Le fastidieux entêtement pour une consigne
Jusqu'ici, le projet d'introduire une consigne sur les emballages de boissons pour lutter contre l'abandon n'importe où des bouteilles vides n'a pas abouti en Suisse et continue de n'avoir aucune chance bien que ses initiateurs reviennent souvent à la charge.
Encore et toujours, le monde politique se retrouve confronté à des initiatives prônant la consigne sur les emballages pour boissons comme mesure de lutte contre les déchets sauvages. Encore et toujours, cette mesure est rejetée parce que «non appropriée».Et c'est aussi ce qui s'est récemment passé au Conseil des Etats, durant l'actuelle session d'été: la commission compétente a recommandé de rejeter une initiative du canton Bâle-Ville car elle estimait que consigner chaque bouteille et chaque canette de boisson n'était pas le moyen idéal de lutter contre le problème du littering. Le Conseil des Etats s'est rangé à l'avis de sa commission et a, lui aussi, rejeté l'initiative.
Les déchets sauvages constituent un problème. Sur ce point, tout le monde est d’accord. Mais quand il s’agit de savoir comment le résoudre, les avis divergent fortement. Le débat politique en apporte la preuve flagrante. Pratiquement en même temps, Rudolf Rechsteiner, alors conseiller national PS/BS, et Anita Fetz, conseillère aux Etats PS/BS, déposaient en juin 2007 des motions relatives à la lutte contre les déchets sauvages. L’élément commun aux deux propositions était l’exigence visant à introduire une consigne obligatoire sur les emballages pour boissons.

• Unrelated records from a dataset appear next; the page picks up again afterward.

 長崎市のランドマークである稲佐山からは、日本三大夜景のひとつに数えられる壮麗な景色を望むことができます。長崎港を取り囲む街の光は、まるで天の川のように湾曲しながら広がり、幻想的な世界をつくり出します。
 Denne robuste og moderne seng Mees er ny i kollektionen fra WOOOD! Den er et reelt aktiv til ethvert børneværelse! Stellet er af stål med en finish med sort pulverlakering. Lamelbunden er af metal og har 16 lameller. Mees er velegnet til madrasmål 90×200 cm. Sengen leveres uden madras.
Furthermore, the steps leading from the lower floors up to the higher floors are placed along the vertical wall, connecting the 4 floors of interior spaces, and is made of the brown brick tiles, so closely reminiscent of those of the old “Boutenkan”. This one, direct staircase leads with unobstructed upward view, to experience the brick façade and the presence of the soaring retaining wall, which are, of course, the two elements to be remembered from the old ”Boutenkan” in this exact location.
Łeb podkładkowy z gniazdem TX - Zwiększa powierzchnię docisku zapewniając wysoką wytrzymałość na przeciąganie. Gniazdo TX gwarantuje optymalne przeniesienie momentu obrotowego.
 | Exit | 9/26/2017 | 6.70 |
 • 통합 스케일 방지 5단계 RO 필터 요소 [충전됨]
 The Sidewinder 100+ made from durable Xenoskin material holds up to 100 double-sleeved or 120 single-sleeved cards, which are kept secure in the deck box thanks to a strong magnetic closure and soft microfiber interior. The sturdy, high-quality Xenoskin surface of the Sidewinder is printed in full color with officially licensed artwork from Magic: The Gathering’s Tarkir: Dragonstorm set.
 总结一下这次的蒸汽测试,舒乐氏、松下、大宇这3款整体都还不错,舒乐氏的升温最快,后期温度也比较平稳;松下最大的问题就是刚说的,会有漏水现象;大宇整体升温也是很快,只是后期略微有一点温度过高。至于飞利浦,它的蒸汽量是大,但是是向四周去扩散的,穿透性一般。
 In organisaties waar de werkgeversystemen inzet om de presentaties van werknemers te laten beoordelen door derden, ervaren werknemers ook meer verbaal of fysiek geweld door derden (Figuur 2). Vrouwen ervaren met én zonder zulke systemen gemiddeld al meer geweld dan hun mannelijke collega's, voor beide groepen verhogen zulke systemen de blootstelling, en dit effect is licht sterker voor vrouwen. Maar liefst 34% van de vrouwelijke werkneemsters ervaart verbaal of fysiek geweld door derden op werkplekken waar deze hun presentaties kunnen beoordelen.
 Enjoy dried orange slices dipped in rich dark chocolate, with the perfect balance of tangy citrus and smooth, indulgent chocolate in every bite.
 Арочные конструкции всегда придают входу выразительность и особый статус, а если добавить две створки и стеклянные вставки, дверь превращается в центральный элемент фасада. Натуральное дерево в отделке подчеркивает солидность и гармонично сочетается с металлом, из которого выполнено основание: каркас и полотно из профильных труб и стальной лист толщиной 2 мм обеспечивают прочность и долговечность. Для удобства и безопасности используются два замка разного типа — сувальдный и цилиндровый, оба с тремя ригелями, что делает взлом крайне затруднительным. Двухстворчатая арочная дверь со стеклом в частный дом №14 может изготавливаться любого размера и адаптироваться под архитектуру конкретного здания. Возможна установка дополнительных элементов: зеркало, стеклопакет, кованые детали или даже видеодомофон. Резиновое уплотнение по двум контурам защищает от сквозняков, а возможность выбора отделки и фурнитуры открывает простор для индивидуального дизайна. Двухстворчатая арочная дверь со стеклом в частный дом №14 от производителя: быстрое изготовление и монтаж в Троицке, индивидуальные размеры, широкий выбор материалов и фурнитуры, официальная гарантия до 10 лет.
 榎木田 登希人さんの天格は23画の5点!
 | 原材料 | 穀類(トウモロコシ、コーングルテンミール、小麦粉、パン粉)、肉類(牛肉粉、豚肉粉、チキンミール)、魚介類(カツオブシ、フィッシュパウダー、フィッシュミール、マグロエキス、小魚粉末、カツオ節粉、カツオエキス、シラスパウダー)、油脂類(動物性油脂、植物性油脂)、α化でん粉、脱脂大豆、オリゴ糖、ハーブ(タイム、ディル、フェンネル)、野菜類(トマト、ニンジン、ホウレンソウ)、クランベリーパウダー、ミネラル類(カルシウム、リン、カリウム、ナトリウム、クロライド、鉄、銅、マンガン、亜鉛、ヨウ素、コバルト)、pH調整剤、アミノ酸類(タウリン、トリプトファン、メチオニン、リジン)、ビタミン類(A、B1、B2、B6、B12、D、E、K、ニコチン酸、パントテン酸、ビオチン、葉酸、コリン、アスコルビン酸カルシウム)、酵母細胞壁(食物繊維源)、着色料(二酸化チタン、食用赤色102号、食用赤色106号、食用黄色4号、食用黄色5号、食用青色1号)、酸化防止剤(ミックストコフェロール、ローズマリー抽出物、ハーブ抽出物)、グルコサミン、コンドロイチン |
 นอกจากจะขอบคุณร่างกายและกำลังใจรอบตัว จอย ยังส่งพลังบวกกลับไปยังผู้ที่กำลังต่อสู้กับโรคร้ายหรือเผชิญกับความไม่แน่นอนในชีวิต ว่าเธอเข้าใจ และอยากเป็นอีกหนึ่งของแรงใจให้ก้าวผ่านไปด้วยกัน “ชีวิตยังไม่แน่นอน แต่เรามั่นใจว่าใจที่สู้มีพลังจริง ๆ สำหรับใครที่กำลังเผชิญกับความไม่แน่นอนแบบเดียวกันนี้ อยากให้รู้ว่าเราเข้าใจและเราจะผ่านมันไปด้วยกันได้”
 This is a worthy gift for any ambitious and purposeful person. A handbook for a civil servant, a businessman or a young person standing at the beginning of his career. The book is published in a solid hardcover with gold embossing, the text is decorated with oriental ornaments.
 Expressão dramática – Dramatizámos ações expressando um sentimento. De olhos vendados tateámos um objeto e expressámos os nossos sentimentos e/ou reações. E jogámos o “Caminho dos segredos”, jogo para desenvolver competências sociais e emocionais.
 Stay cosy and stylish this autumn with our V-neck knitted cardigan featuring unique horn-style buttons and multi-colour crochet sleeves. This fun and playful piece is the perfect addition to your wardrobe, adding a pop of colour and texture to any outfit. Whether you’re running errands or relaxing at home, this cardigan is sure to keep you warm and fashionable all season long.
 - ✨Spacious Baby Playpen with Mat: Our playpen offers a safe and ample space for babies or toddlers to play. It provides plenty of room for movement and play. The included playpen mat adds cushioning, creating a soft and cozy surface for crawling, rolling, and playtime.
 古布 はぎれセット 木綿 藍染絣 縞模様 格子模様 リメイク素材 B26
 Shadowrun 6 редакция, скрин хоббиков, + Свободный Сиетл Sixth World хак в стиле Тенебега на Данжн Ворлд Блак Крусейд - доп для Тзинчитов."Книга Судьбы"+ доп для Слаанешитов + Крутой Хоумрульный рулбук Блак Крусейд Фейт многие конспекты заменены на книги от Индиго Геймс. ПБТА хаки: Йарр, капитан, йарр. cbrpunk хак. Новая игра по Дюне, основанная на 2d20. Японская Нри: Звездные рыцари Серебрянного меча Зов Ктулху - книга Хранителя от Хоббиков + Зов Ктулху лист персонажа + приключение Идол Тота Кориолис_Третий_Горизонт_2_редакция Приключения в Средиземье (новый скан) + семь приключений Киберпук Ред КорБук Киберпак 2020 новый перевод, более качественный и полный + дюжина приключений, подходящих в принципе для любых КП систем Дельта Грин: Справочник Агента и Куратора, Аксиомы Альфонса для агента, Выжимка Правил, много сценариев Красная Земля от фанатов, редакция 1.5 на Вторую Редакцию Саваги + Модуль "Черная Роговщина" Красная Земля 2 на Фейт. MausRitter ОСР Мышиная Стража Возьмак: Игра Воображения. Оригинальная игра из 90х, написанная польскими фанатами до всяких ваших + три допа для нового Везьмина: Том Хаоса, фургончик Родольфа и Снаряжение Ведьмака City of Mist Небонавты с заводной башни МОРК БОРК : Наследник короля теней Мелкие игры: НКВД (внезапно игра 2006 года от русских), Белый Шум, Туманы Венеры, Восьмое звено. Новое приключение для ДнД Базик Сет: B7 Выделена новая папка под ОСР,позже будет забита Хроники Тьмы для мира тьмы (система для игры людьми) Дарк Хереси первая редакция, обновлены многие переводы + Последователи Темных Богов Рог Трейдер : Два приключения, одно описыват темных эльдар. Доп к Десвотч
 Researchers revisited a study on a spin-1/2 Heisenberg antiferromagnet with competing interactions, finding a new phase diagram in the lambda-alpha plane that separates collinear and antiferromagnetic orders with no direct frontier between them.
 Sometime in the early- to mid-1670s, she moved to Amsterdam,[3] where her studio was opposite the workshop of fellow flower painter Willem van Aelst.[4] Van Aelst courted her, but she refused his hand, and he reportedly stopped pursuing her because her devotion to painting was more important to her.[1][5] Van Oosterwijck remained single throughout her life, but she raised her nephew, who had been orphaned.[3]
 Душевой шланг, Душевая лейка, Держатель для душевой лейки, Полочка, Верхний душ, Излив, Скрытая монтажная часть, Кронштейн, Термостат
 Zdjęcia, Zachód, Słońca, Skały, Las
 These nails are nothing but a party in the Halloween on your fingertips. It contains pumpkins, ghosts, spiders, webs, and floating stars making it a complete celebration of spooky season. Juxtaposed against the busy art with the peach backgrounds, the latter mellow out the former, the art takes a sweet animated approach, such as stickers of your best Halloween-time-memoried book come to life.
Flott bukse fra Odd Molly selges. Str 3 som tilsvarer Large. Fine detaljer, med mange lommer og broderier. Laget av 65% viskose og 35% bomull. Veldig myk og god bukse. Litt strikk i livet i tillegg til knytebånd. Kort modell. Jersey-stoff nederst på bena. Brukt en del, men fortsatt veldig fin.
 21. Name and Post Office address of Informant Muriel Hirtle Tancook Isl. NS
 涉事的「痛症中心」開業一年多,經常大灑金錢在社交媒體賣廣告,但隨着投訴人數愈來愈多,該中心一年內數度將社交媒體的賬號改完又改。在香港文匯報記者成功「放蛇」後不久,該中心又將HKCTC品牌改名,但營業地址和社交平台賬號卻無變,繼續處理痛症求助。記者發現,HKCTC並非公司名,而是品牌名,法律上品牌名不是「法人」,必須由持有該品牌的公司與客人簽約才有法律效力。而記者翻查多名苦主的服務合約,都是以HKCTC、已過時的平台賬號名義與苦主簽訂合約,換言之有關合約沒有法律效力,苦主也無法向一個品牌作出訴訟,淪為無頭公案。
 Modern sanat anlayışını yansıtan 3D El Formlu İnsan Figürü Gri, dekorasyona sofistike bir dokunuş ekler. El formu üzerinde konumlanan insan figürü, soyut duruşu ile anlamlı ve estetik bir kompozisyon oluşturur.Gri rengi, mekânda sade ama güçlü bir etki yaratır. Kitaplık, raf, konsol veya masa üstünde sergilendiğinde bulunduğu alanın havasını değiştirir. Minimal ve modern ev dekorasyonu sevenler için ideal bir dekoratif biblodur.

Le Conseil fédéral a adopté une attitude négative. Moritz Leuenberger, alors ministre de l’environnement, a attiré l’attention sur le fait que la solution du problème des déchets sauvages incombait en première ligne aux communes et aux cantons. Il devait même déclarer: «Une consigne fédérale impliquerait un très important appareil de réglementation et de contrôle.» Et ceci n’empêcherait pas qu’au moins 87 pour cent des déchets sauvages ne seraient pas touchés par cette mesure, dès lors que la part des emballages pour boissons en aluminium, en verre et en PET ne représente quantitativement que 13 pour cent de l’ensemble des déchets sauvages. Le Parlement a clairement rejeté les deux motions.
Commission défavorable à la motion de Bâle-Ville
Le parti des Verts a choisi une autre approche. Dans divers cantons, les membres de ce parti ont demandé que leur canton se fasse le champion de l’introduction d’une consigne auprès de la Confédération. Dans les cantons de Bâle-Campagne, Berne, Soleure et Saint-Gall, ils se sont heurtés à une fin de non-recevoir. Et c’est dans le seul canton de Bâle-Ville qu’ils ont trouvé une majorité favorable à leur projet. C’est pourquoi tant le Conseil national que le Conseil des Etats vont devoir débattre une nouvelle fois de l’introduction d’une consigne obligatoire. La commission concernée du Conseil des Etats s’est déjà exprimée défavorablement sur la motion de Bâle-Ville. Dans le cadre de la dernière session d’été, le Conseil des Etats s’est rangé à l’avis de sa commission et a, lui aussi, rejeté l’initiative.